The Work Incentives Improvement Act, backed by both parties, President Clinton and disability advocates, would extend Medicare coverage for working disabled people -- including those with HIV, AIDS, multiple sclerosis and other disabilities -- to 10 years from four years. It would permit states to allow people with disabilities to buy Medicaid coverage.
The measure, which would cost about $800 million over five years, also provides for rehabilitation, job training and placement services. "This empowers people," said Rep. Rick Lazio (R., N.Y.), who proposed the bill.

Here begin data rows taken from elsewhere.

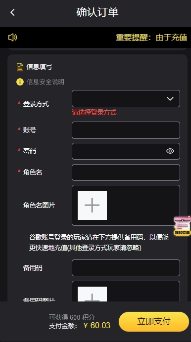 3、确认所购商品信息准确无误后,点击“立即支付”按钮完成支付。支付完成后,在订单页面准确填写游戏账号信息,并联系客服即可。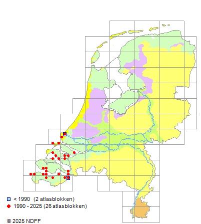 Het aantal atlasblokken (5x5 km) waarin de soort is gemeld binnen een periode van vijf jaar (vanaf 1980) of twintig jaar. Niet gecorrigeerd voor waarnemersinspanning en het aantal doorgegeven waarnemingen kan sterk variëren per periode, dus een trend in verspreiding kan hier niet direct uit worden afgelezen. Het opgegeven jaartal is het eerste jaar van de periode. Bron: gevalideerde waarnemingen uit de NDFF.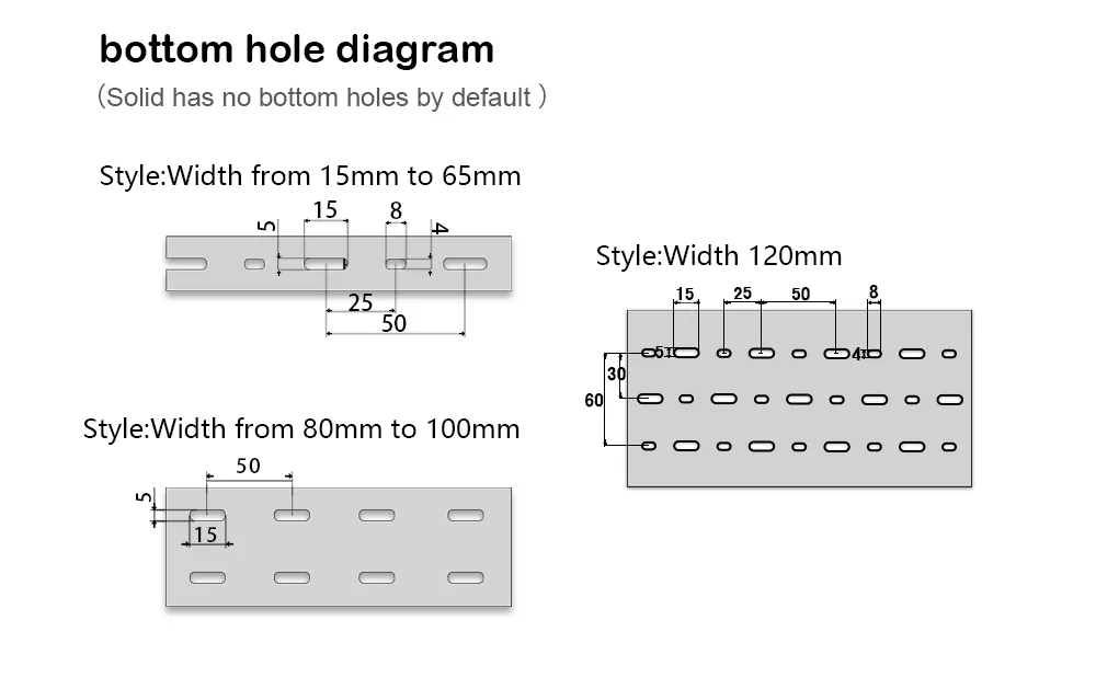 Spesifikasi tray kabel kasebut minangka dhuwur * jembar, kanthi unit kasebut mm. Pisanan, nemtokake ukuran tray kabel sing dibutuhake, kayata dhuwure 80mm lan ambane 40mm. Banjur, pilih ambane bolongan stopkontak adhedhasar kekandelan kabel, salah siji untu sudhut (8mm) utawa untu alus (4mm). Disaranake kabel nyata ora ngluwihi 70% saka papan tray.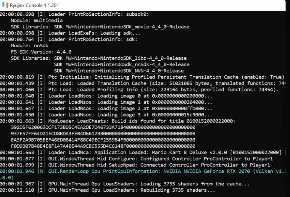 Si pendant le chargement ryujinx plante, relancer ryujinx et la compilation.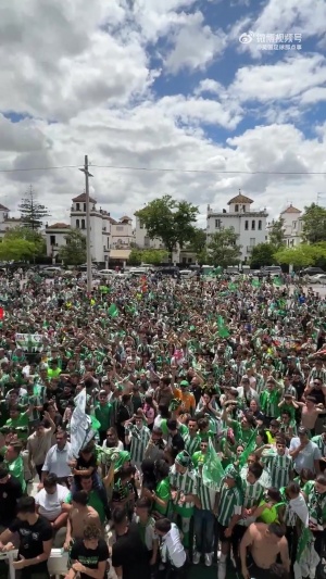 贝蒂斯晋级队史首个欧洲赛事决赛后,球员们回到主场接受成千上万的贝蒂斯球迷的欢呼💚🤍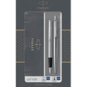 Parker Jotter is a design classic and a familiar model line, appreciated especially for its quality, reliability and favorable price-performance ratio. This is a timeless model, which is also one of the most popular thanks to the wide range of surface finishes and practical, simple shape.nnBrushed stainless steel body and cap. In combination with a chrome-plated clip, with a polished finish. Stainless steel tip.

"This is sweeping away barriers." The barrier: Currently, disabled Americans who earn more than $500 a month lose their Medicare or Medicaid coverage.
Many who can work opt not to take a job to preserve their heath coverage, the bill's supporters say. "The committee has taken an important step toward removing significant barriers to work for one of our nation's most significant untapped resources -- millions of people with disabilities,"
Mr. Clinton said Wednesday. The bill must pass the House Ways and Means Committee before going to the full House. Mr. Lazio said that he hopes the measure will reach the House floor by year's end.
Some differences remain, primarily over eligibility standards and costs.
But Mr. Lazio said he's confident those issues can be resolved. Panel members
are pushing to get it to the floor before Memorial Day. It is expected
to pass with overwhelming support.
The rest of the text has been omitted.